Penetration and premiumization remain key consumption drivers: Given the above macro trend, Bain & Co believes 55% of this consumption growth will still be driven by a larger number of people increasing their monetary spend, implying higher penetration and frequency of consumption. The growing affluence of semi urban India and the fact that developed rural and towns Tier 2 and beyond have similar awareness and aspiration levels, will translate into strong penetration-led growth. The report estimated that 26% of consumption growth would be premiumization led and 19% would be led by addition of new categories (buying new).

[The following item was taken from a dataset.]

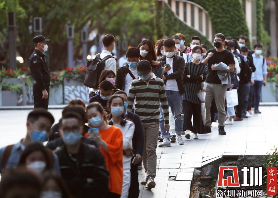 見(jiàn)圳客戶端·深圳新聞網(wǎng)2020年3月19日訊 下班時(shí)間,深圳地鐵一號(hào)線深大站A3出口外,下班后的市民在站外排大排長(zhǎng)龍,依次有序進(jìn)入地鐵站乘坐列車回家。

Buying Indian/being value conscious - a continued theme: From a consumer discretionary perspective, trends of buying ‘Indian’ are likely to be strong. For example, branded ethnic or fusion wear will see significantly higher growth than western wear for women. While western cuisine is most searched on Swiggy, Indian cuisine is most purchased. Further, from finding value and being value conscious will continue to be a consumption trend among Indians, irrespective of their income levels. These factors explain the growth in online retail and offline value retailers, and the growth is expected to continue.
E-commerce a major factor: FMCG companies have witnessed increase in e-commerce sales from 0.4% to 1.4% over the last 2 years. Nielsen estimates e-commerce to touch 10% of FMCG sales by 2030. Hence, brands having a strong online salience will have increased relevance, going forward.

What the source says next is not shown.